Another important point is to analyse, all the individual classes (named or anonymous made by different class constructors) within the axiomatic definition of a concept. It may partially match in some cases, hence proper weights or mismatches are computed. For example, Paper in the O2 ontology and Abstract Paper in the O1 with a definition [Abs_Paper subclassOf {document and (mustHave only abstract) and (writtenBy some author) and (has_author min 1)}] have partially same definitions, hence they require in depth analysis. Therefore, these should be properly mapped to each other, and similarity value with conflict is generated. The class hierarchies of these ontologies are shown in Fig. 5.

For the axiomatic definition analysis, the first step is to compute the basic concept mappings. Therefore, DKP-AOM first computed basic mappings (by the primary strategies, i.e., string, synonym, etc.), as these will be used in the axiomatic analysis of definitions/class expressions. The basic string-based and synonym-based mappings are shown in Fig. 6. Then, it analyses the class expressions and identify axiomatic mappings with the similarity value and/or conflict if any between the concepts of ontologies. Their axiomatic mappings produced by DKP-AOM are shown in Fig. 7. When the definitions are matched fully, their similarity value is calculated to be 1. But, when they have some conflict (e.g., difference in their restriction type), then their similarity is reduced as per values given/adjusted by the end-user.
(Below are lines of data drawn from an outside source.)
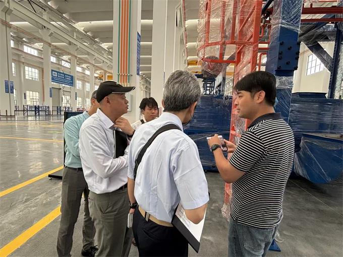 國(guó)外客戶考察鋁擠壓設(shè)備生產(chǎn)車間圖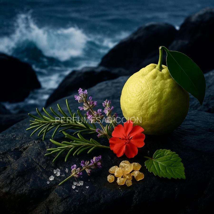 Sus notas de salida combinan bergamota, jengibre y la intensidad de las notas marinas; su corazón fusiona geranio bourbon, esencia de romero y salvia esclarea; y un fondo de maderas vibrantes, esencia de pachulí e incienso crea una sensación de misterio.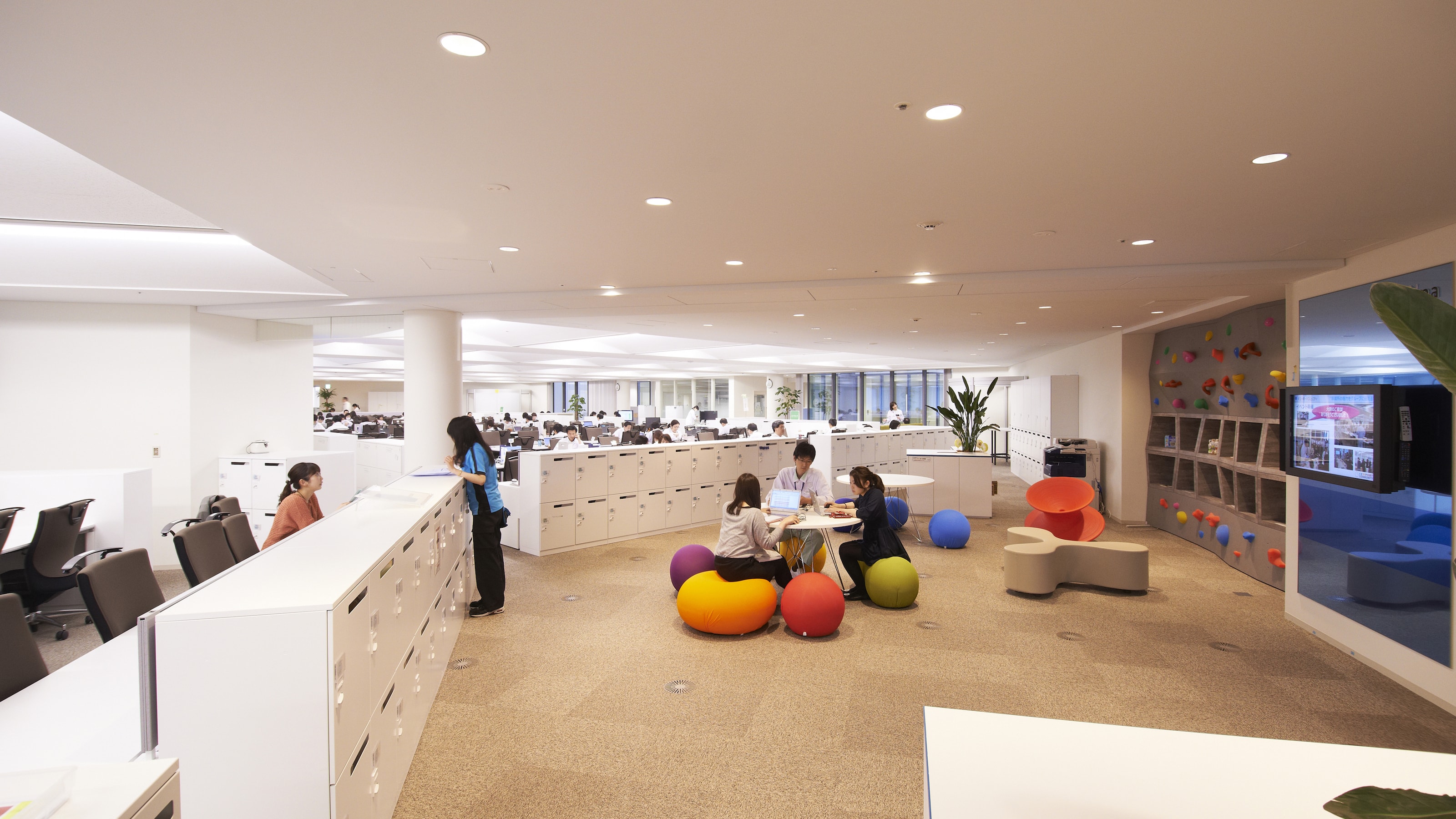 まずは思い切って会議室そのものを削減。その代わりとして、コミュニケーションが生まれやすいオープンな打ち合わせ場所をたくさん作りました。ランチタイム以外は食堂も利用、各自のデスクを固定しないフリーアドレスを導入するなど、ワークスタイルに関わる点まで提案しました。
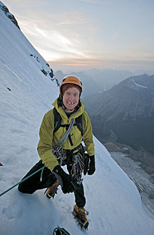 Brazeau в экстазе после прохождения последнего питча бастиона. Все что им осталось это три ледовых питча п окуполу, выход на ребро и весьма сомнительный спуск по японскому маршруту (V 5.6). Очень плохо что они не изучили спусковой маршрут дома ... Фото Jon Walsh |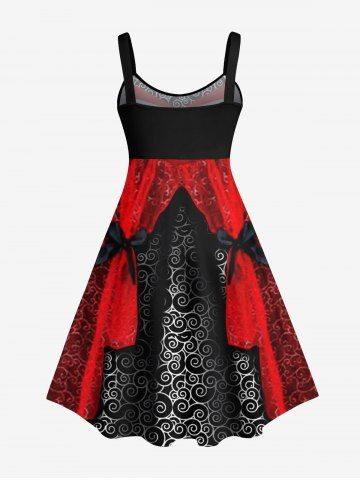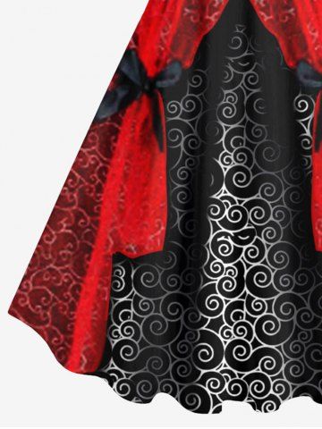 Halloween Dresses > Plus Size Halloween Vampire Floral Pattern Crisscross Mesh Bowknot 3D Print Tank Dress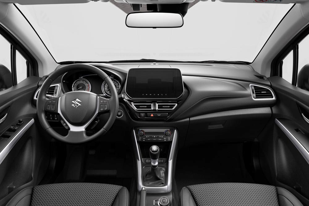 Βελτιωμένη είναι και η καμπίνα του S-Cross, τόσο σε ποιότητα, όσο και σε τεχνολογία, ειδικά με την προσθήκη της νέας οθόνης των 9 ιντσών (στάνταρ στο GLX). Στα θετικά του εσωτερικού ανήκουν η πολύ καλή εργονομία και η ευρυχωρία. Μια τετραμελής παρέα ή οικογένεια θα φιλοξενηθεί άνετα, γεγονός που αφορά και το πορτ μπαγκάζ των 430 λίτρων.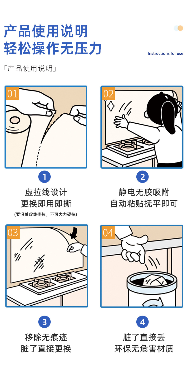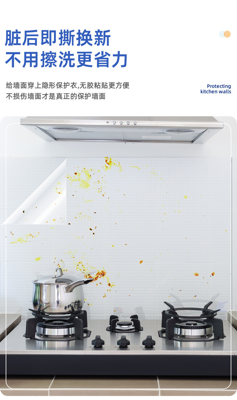 点断撕防油贴家用免胶吸附厨房贴纸墙面耐脏透明点断式静电保护膜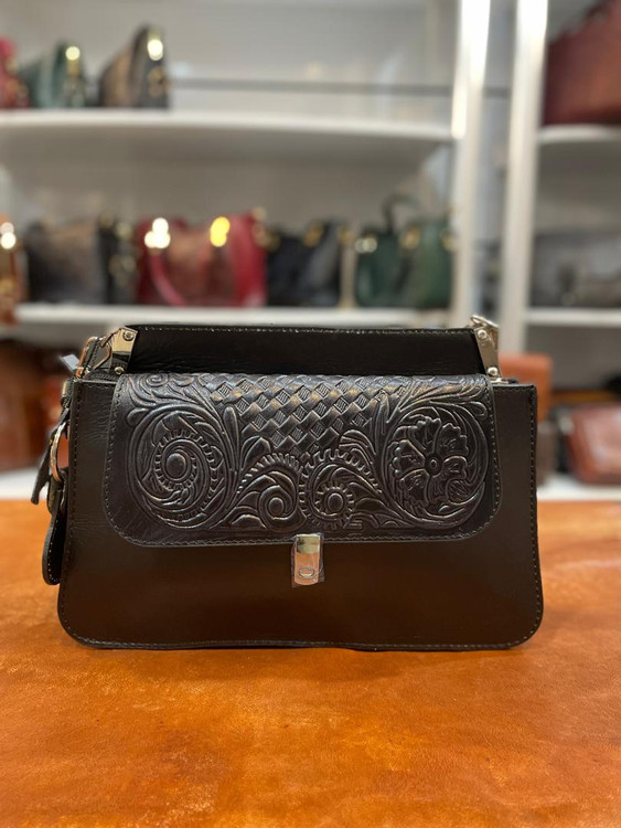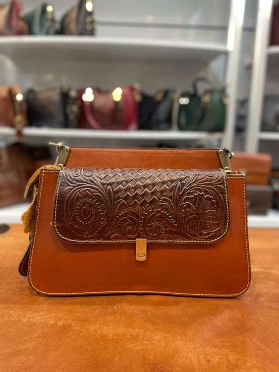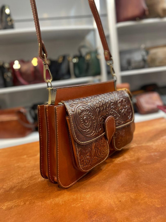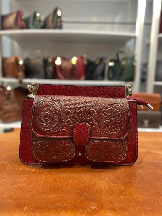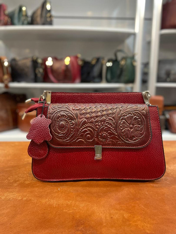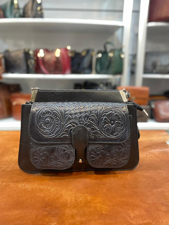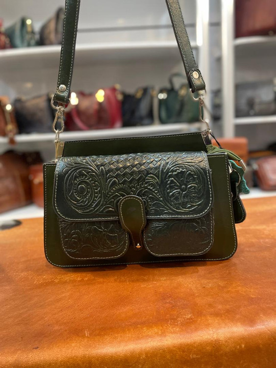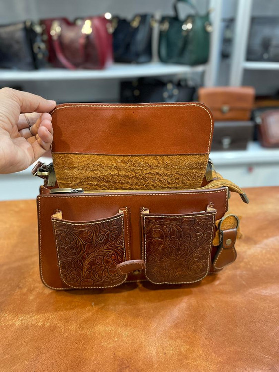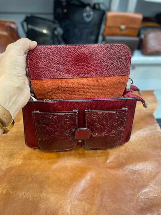 داراي بند دوشي بلند تمام چرم طبيعي حكاكي شده و دسترنگ، توليدي چرم گاباي سفارت عمده پذيرفته ميشود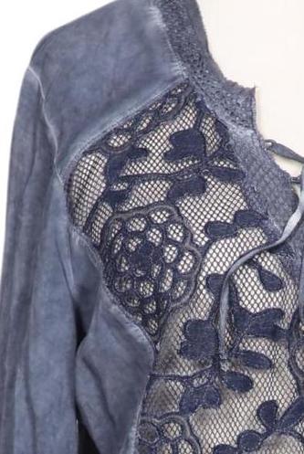 | Details | Jersey, Stickerei, Schnürung, Spitze, Dreiviertelarm, V-Ausschnitt, verschlusslos, Floral |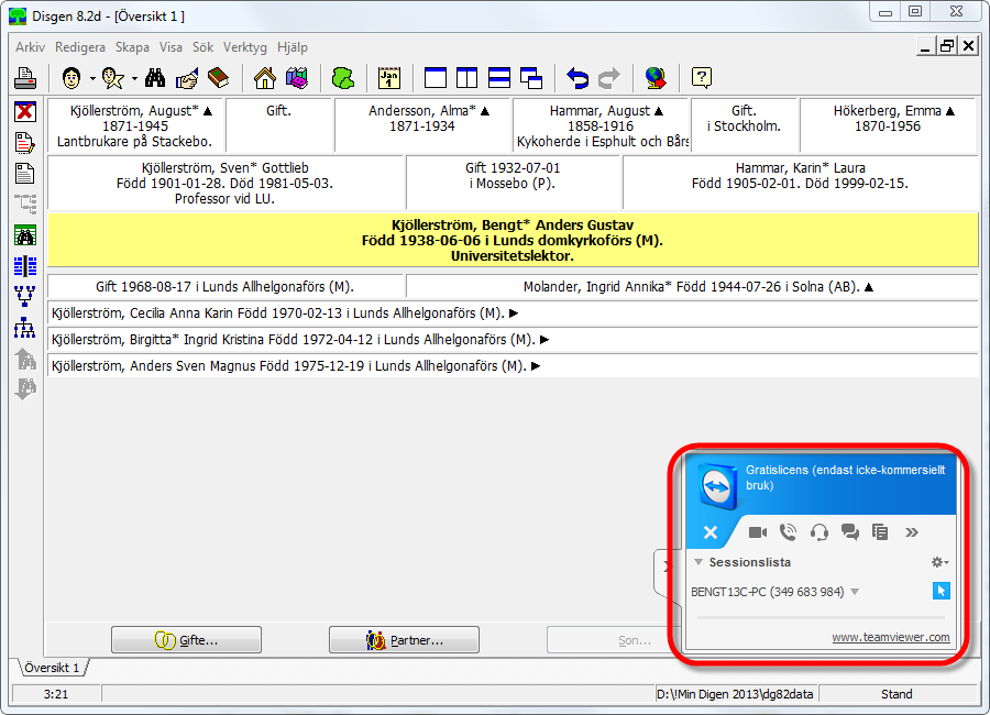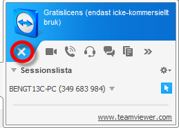 Han loggar in på din dator och nu ser ni båda samma bild på skärmen . Rutan i nedre högra hörnet bekräftar att du är inloggad med Teamviewer. |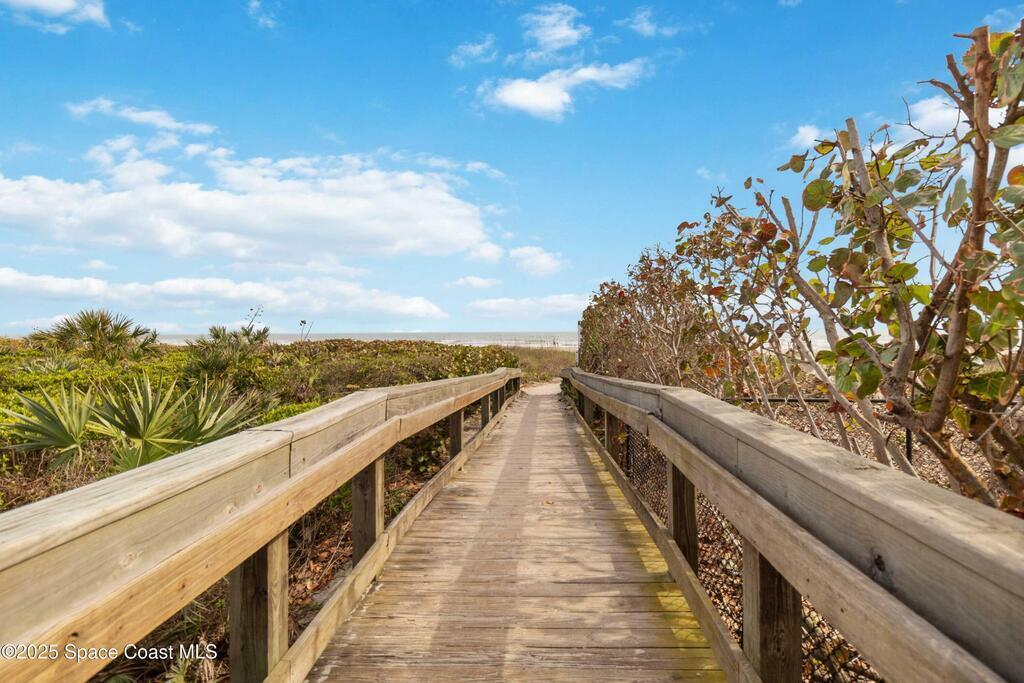 Well cared for furnished 2 bed/2.5 bath townhouse that features vaulted ceilings, an open floorplan and so much more! Enjoy coffee on your enclosed private patio or cool off in 1 of the 3 community pools this resort-style community has to offer. This quiet beachside retreat makes it a wonderful place to live or rent giving you the opportunity to own a slice of paradise. Living here offers a gated community, well-maintained community grounds, sun deck, very large workout facility, private & secured access to the beach but also racquet/pickleball and tennis court. Enjoy rockets launches in your backyard, colorful peacocks strolling around, 40 minutes to Orlando Airport/Parks and local restaurants in in this tropical community!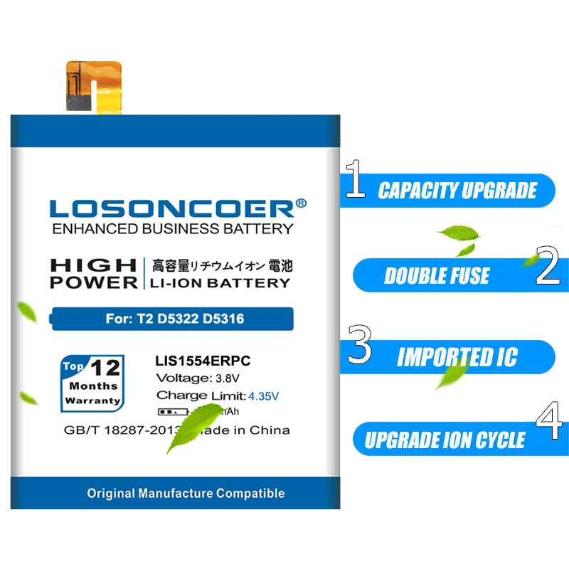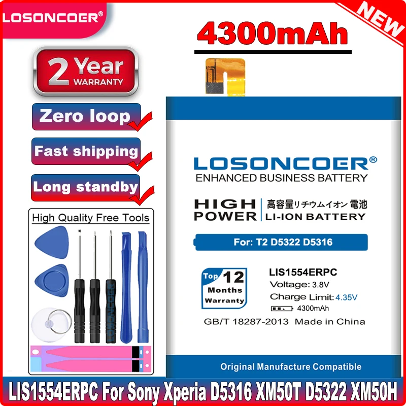 Аккумулятор LOSONCOER 4300 мАч LIS1554ERPC для Sony Xperia T2 Ultra Dual D5322 XM50T D5316 XM50H D5303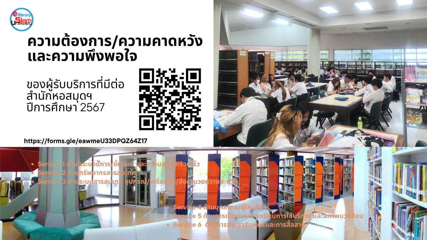 แบบสอบถามความต้องการและความพึงพอใจของผู้รับบริการสำนักหอสมุดฯ ประจำปีการศึกษา 2567 https://forms.gle/eawmeU33DPQZ64Z17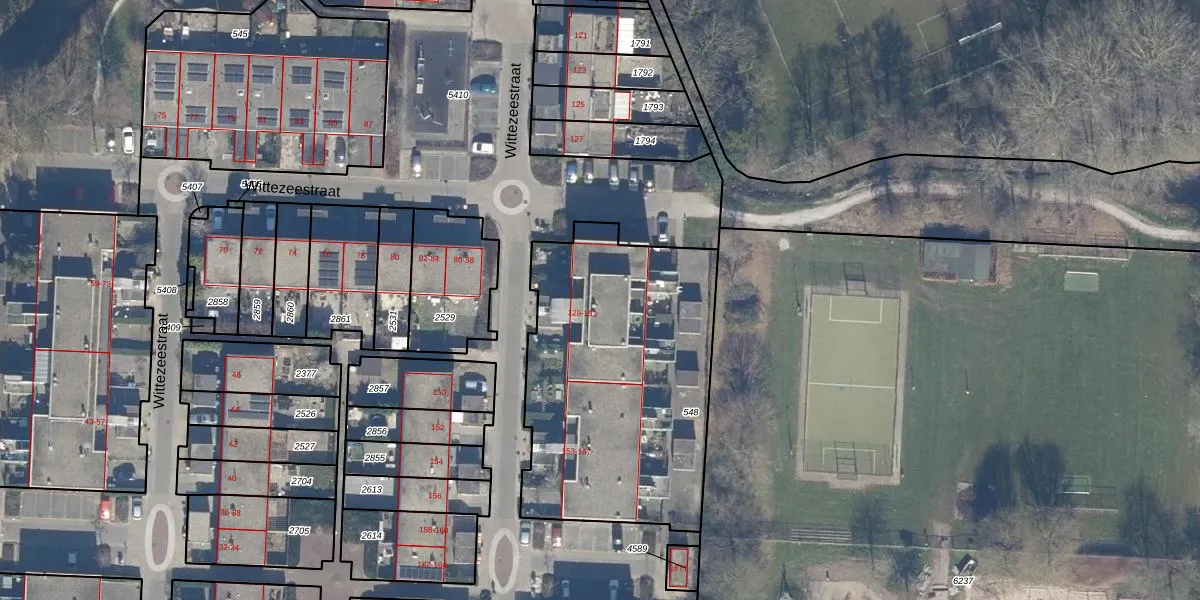 Het perceel waarop Wittezeestraat 143 staat heeft een oppervlakte van 1424 m². Dit is een zeer groot perceel. De perceeloppervlakte wordt geregistreerd door het Kadaster. Gedetailleerde informatie over de maten van dit perceel kunt u vinden in het rapport Kadastrale kaart met maatvoering van Wittezeestraat 143.
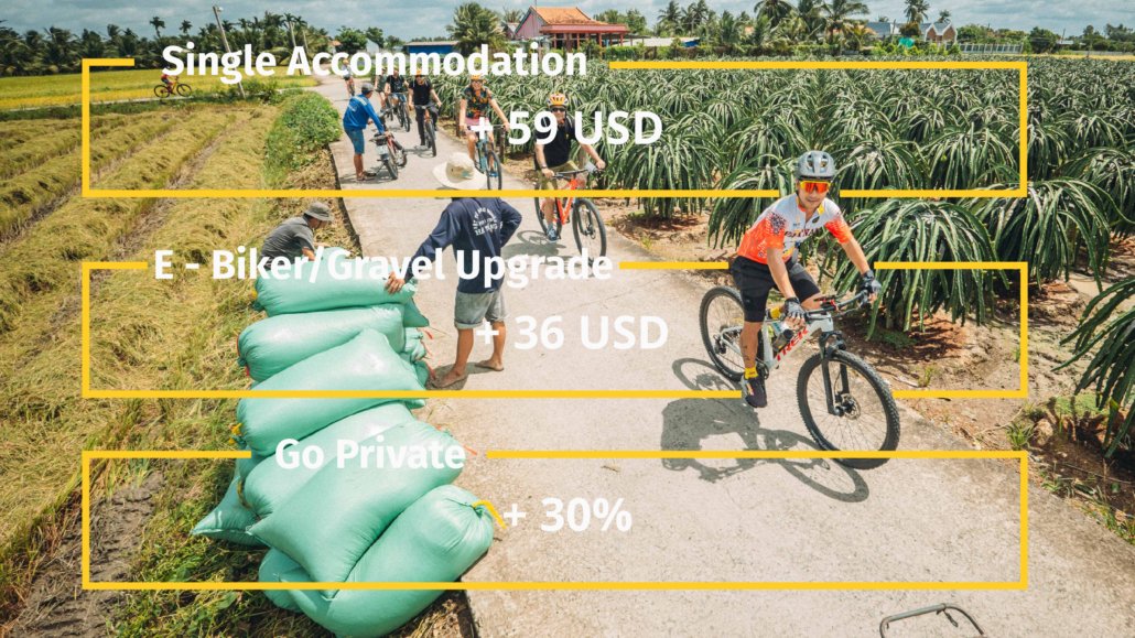 - Welcome Kits: Mr Biker Saigon Water Bottle, Handy Backpack and Mr Biker Saigon T-shirt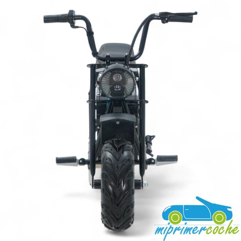 Este sistema hace que la moto Drax sea una minimoto eléctrica ideal para niños, permitiendo un aprendizaje progresivo y seguro. Además, cuenta con freno trasero de disco por cable, llave de contacto y protector de cadena para mayor protección.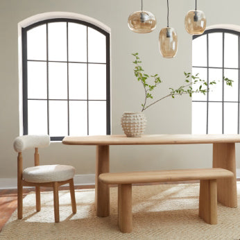 Our Kent Boucle Chair features Oak wood frame wire brushed to bring out its cathedral grain. A high performance textured recycled fabric upholstered seat adds comfort while maintaining the chair’s sharp look.

For example, Some/All Values From restriction creates a conflict of restriction type, so the similarity is reduced and a conflict is generated by the system. For instance, concept accepted paper in two ontologies is defined with the different terminology as: AP [document and (review_written some Chairman)] and AcceptedPaper [document and (review_written_by only Chair)]. These concepts are based on the initial mappings (document, document), (review_written, review_written_by) and (chairman, chair). But, they create a conflict in second anonymous restriction class between restriction types (some, i.e., 0..n) and (only/all, i.e., 1..n). Hence, in the running example, their similarity values are calculated to be 0.95.

Consider another example, where contributionType can be one of {JournalInvitationPaper, FullPaper, abstractPaper} in the ontology O1, but, it is one of {JournalInvitationPaper, abstractPaper} in the ontology O2. Their similarity by the axiomatic analysis only is calculated as 0.833 as per the rules defined in the initial chapters. However, this value indicates their axiomatic similarity, which is later on aggregated by their label similarity (i.e., 1.0) or with other criteria. When we executed these ontologies on Prompt merging system, it has only detected mappings based on the string similarity and produced the list of mappings (see Fig. 8) to the end-user for their manual merging. From analysing the list of mappings, we observe that 13 concept mappings are missing by Prompt (which can be detected by their axiomatic definitions by our system). The reason is that Prompt employs only string-based criteria to find candidate mappings and then suggest user to take decision for their merging. But, only the string-based criteria is not capable of finding candidates that have different terminology explicated by some abbreviation or compound words or some other terminology. Therefore, it is obvious that these 13 concepts from each ontologies compromise the recall value of matching result and create redundancy in the merged ontology. Our system DKP-AOM applies the axiomatic criteria defined along the proposed framework and detects these mappings. This results our system DKP-AOM to achieve higher recall value and conciseness in the merged ontology.

Fig. 5
figure 5

Input ontologies for axiomatic definitions analysis

Fig. 6
figure 6

Basic mappings of concepts before axiomatic mappings

Fig. 7
figure 7

Axiomatic mappings of concepts after their class expression analysis

Fig. 8
figure 8

List of mappings by prompt merging system (*many of them are incorrect and not detected as compared to our system see Figs. 6 and 7)

6.2 Merging of OWL axiomatic definitions

The aim of this test case is to get an enriched merged ontology by merging axiomatic definitions (or class expressions) from the source ontologies. For this test case, we have created two versions of conference ontologies, which have almost the same concepts, but with different axiomatic definitions (as our aim is to analyse the merging of axiomatic definitions). There are many cases for the merging of axiomatic definitions. Therefore, in these ontologies many of the concepts are left primitive and others are defined with the axiomatic definitions. Table 3 represents concepts from these ontologies and their axiomatic definitions. The last column shows how DKP-AOM generated the merged axioms based on the axioms from the source ontologies. Some of the concepts in the ontology O1 are primitive without any class expression. But, in the ontology O2, they are defined with class expressions defining their means in terms of other concepts. For example, ExternalReviewer is a primitive concept in an ontology O1 and is defined as a subclass of {Reviews some ConferencePaper} in an ontology O2. During the merging of such concepts, DKP-AOM has merged the concepts and created a class expression in the merged ontology as it is defined in an ontology O2.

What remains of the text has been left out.